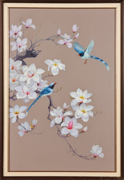 Blush & Azure: Taihu Stone with Bamboo | Original Contemporary Chinese Oil Painting -
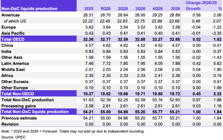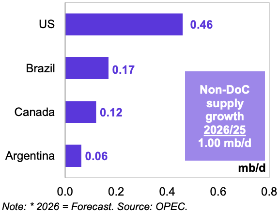 Прогнозируется, что в 2026 году предложение жидких углеводородов в странах, не входящих в Соглашение о разделе продукции, вырастет на 1,0 млн баррелей в сутки. Основными драйверами этого роста, как ожидается, станут США, Бразилия, Канада и Аргентина.
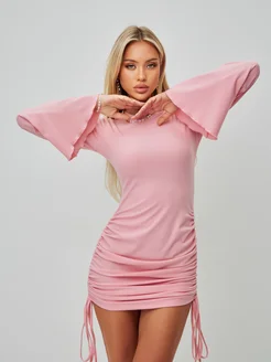 Короткое платье с завязками и расклешенными рукавами

=== What this task involves ===
Your copy should hold each line above exactly and no pictures at all.

=== Output below ===
 Blush & Azure: Taihu Stone with Bamboo | Original Contemporary Chinese Oil Painting -
 Прогнозируется, что в 2026 году предложение жидких углеводородов в странах, не входящих в Соглашение о разделе продукции, вырастет на 1,0 млн баррелей в сутки. Основными драйверами этого роста, как ожидается, станут США, Бразилия, Канада и Аргентина.
 Короткое платье с завязками и расклешенными рукавами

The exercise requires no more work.